Whatever the troubles within the Rashtriya Janata Dal, the split in its Bihar Legislature Party seems to have been encouraged and engineered by its rival, the ruling Janata Dal (United). That the Speaker of the Assembly, Uday Narayan Choudhary, chose to recognise 13 of the rebels in the 22-member Legislature Party as a separate group was surprising as even if their action was considered to be a split, they did not constitute two-thirds of even the Legislature Party, the minimum required for the benefit of exemption from the provisions of the Tenth Schedule, which provides for disqualification on the ground of defection. Indeed, seven of the 13 claimed that their signatures were forged and that they had not left the RJD at all. Evidently, political considerations weighed on the Speaker’s mind more than the Tenth Schedule. Chief Minister Nitish Kumar, who is surviving on the support of the Congress and Independents, required six more members for his party to have an absolute majority. At a time when he was involved in propping up an alternative to both the Congress and the Bharatiya Janata Party at the national level, Mr. Kumar could not have counted on continued Congress support. Moreover, the Congress and the RJD are close to coming to a seat-sharing understanding for the Lok Sabha election, and it would only have been a matter of time before the RJD persuaded the Congress to withdraw support.

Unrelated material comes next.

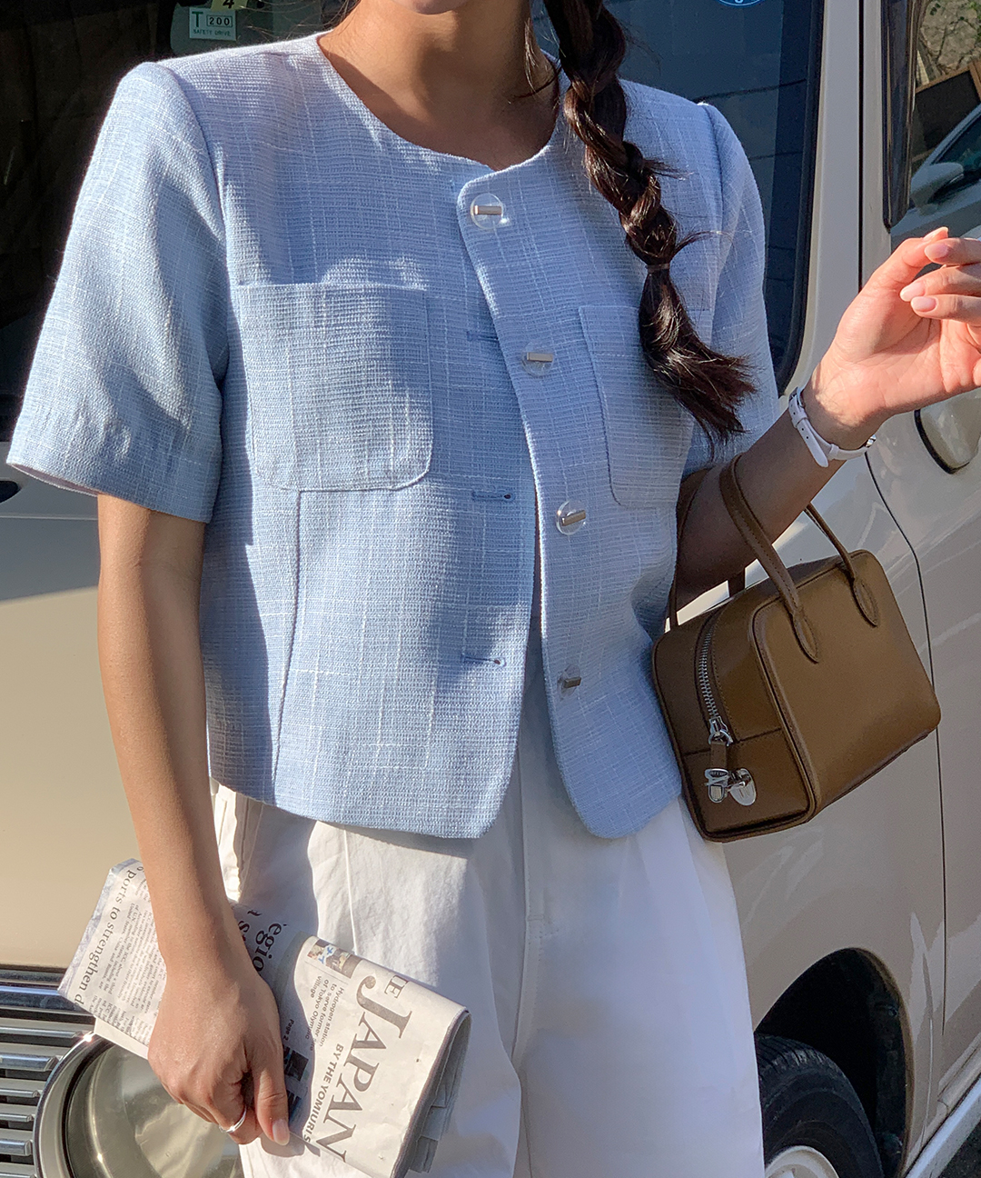 【オケージョン】[original/S-XL]ツイード半袖ジャケット

While the rebels might have had their own reasons for leaving the RJD, the split could not have happened without the blessings of the JD (U) leadership, and the partisanship of the Speaker. The proper course for the rebels to join the JD (U) would have been to resign their seats, and contest elections again on the JD (U) ticket. That they did not do so is also illustrative of the lack of confidence in the JD (U) camp: not much can be left to chance, or the will of the people.

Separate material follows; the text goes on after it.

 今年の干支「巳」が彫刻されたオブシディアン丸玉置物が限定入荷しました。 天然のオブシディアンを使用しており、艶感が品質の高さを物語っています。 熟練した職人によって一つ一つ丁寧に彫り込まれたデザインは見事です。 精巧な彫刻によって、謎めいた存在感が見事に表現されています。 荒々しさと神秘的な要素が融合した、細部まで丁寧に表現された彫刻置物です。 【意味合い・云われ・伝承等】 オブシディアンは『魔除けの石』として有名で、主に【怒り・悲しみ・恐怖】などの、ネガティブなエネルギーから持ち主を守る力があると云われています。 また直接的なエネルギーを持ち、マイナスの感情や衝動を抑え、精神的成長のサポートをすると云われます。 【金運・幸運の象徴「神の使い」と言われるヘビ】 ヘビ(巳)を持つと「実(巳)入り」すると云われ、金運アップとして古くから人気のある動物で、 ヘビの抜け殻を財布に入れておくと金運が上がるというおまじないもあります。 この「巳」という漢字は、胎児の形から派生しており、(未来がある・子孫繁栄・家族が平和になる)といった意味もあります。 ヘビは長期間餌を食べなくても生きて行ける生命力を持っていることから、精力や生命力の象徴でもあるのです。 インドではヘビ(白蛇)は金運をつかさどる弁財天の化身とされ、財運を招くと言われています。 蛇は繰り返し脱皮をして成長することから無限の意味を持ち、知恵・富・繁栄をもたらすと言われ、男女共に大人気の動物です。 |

Bihar remains one of the crucial States in the Lok Sabha election calculus, sending 40 members to Parliament, and the Congress, the BJP, and third front parties all fancy their chances. The Lok Jan Shakti Party led by Ram Vilas Paswan seems to have added another dimension to poll-eve politics by moving closer to the BJP. While this might be a pressure tactic as seat-sharing negotiations gather momentum, Bihar seems to be one State where several permutations and combinations are possible in alliances. At different points of time, the JD (U) and the LJP wooed both the Congress and the BJP. No matter how the RJD rebels issue plays out, the State seems set for hectic political activity in the weeks before the election, and a fiercely contested three-way battle. It is to be hoped that the latest turn does not heighten the turbulence in the State.